When it comes to the college tennis recruiting process, and getting recruited to the college of your dreams, it is critical to make your recruiting video work for you.  Think about it, many times your video is the only time college coaches get to see you play.  Sadly, college recruiting budgets and staff are limited in many tennis programs, so seeing every prospective student-athlete play in person is not possible.  This makes it all the more critical that you make a recruiting video that is helpful to college coaches and markets you in a favorable way so you will get recruited.
In fact, to give yourself the best chance to get recruited by the most schools, it is important to stand out from other recruits in the recruiting process.  This will give you the advantage of having multiple options, and even leverage in the negotiating process.  College Prospects of America excels in marketing our student athletes in a way that college coaches know and trust, and we are great at helping our student-athletes find the best college for them, at the best price!

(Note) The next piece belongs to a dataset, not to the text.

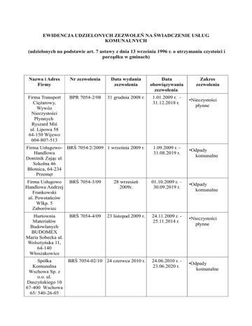 EWIDENCJA UDZIELONYCH ZEZWOLEŃ NA ŚWIADCZENIE USŁUG KOMUNALNYCH (udzielonych na podstawie art. 7 ustawy z dnia 13 września 1996 r. o utrzymaniu czystości i porządku w gminach) Nazwa i Adres Firmy Nr zezwolenia Data wydania zezwolenia Data obowiązywania zezwolenia Zakres zezwolenia Firma Transport CięŜarowy, Wywóz Nieczystości Płynnych Ryszard Miś ul. Lipowa 58 64-150 Wijewo 604-807-513 BPR 7054-2/08 31 grudnia 2008 r. 1.01.2009 r. 31.12.2018 r. •Nieczystości płynne Firma Usługowo- BRŚ 7054/2/2009 1 września 2009 r. Handlowa Dominik Zając ul. Szkolna 46 Błotnica, 64-234 Przemęt 1.09.2009 r. 31.08.2019 r. •Odpady komunalne Firma Usługowo Handlowa Andrzej Frankowski ul. Powstańców Wlkp. 5 Zaborówiec BRŚ 7054-3/09 28 wrzesień 2009r. 01.10.2009 r. – 30.09.2019 r. •Odpady komunalne Hurtownia Materiałów Budowlanych BUDOMEX Maria Sobecka ul. Wolsztyńska 11, 64-140 Włoszakowice BRŚ 7054-4/09 23 listopad 2009 r. 24.11.2009 r. 25.11.2014 r. •Nieczystości płynne Spółka Komunalna Wschowa Sp. z o.o. ul. Daszyńskiego 10 67-400 Wschowa 65/ 540-26-05 BRŚ 7054-02/10 24 czerwca 2010 r. 24.06.2010 r. 23.06.2020 r. •Odpady komunalne Spółka Komunalna Wschowa Sp. z o.o. ul. Daszyńskiego 10 67-400 Wschowa BRŚ 7054-5/10 1 lipca 2010 r. 01.07.2010 r. 30.06.2020 r. •Nieczystości płynne TEW Gospodarowanie odpadami ul. Przyszłości 7b, 67-100 Nowa Sól 068/387-32-85 BRŚ 7054-6/10 01 lipca 2010 r. 01.07.2010 r. – 30.06.2014 r. •Odpady komunalne Firma Usługowo Handlowa Andrzej Frankowski ul. Powstańców Wlkp. 5 Zaborówiec 065/549-44-65 600-457-393 BRŚ 7054-7/10 12 października 2010 r. 12.10.2010 r. – 11.10.2014 r. •Nieczystości płynne 11 marca 2011 r. 14.03.2011 r. – 14.03.2014 r. •Nieczystości płynne Usługi – BAZAR BRŚ 6223.2.2011 Iwona Kozłowska Bazar, Nowe Strącze 23, 67-410 Sława 603-864-218

College Prospects of America helps with every step of the process, including making a professional and effective recruiting video.  Some helpful pointers in making your recruiting video include:

  1. For all, or at least the majority of the footage, choose an angle that shows where the shots land.  For this you will likely need a video camera with a wide angle lens attachment, and you can take the video from behind the court.  College coaches don’t need a close up shot of the stroke in order to analyze technique, but coaches do need to see where the balls are landing to know how effective the strokes are.
  2. Don’t include a lot of warm up footage.  Most coaches don’t have a lot of time to watch videos, and watching warm up is not incredibly helpful in scouting a recruit.
  3. Make sure music is appropriate.
  4. It’s good to include a couple minutes on each stroke, but probably not more than that
  5. The most important thing is to show several minutes of live ball hitting, and or point play
  6. Make sure you are hitting with a strong opponent who is trying

The most common mistakes, and the worst mistakes to make, are ignoring the last 2 pointers on this list.  College coaches want to see how your strokes hold up in live ball hitting situations, when there is pressure on you.  Many people will make a video where they are primarily hitting off easy feeds, or against a weak opponent, or even against a strong opponent who is not trying hard.  College coaches notice these things and it ends up making your video work against you.  College coaches want to see how you perform in tough situations, under pressure, and on the move.  They want to see how you compete, hustle, and how smart and tough you are.  Most anyone can hit great strokes off easy feeds, and winners against an opponent who is not moving.  Showing those things will not get recruited!  Showcase your talent by playing a tough opponent, playing hard, hustling, and playing smart! 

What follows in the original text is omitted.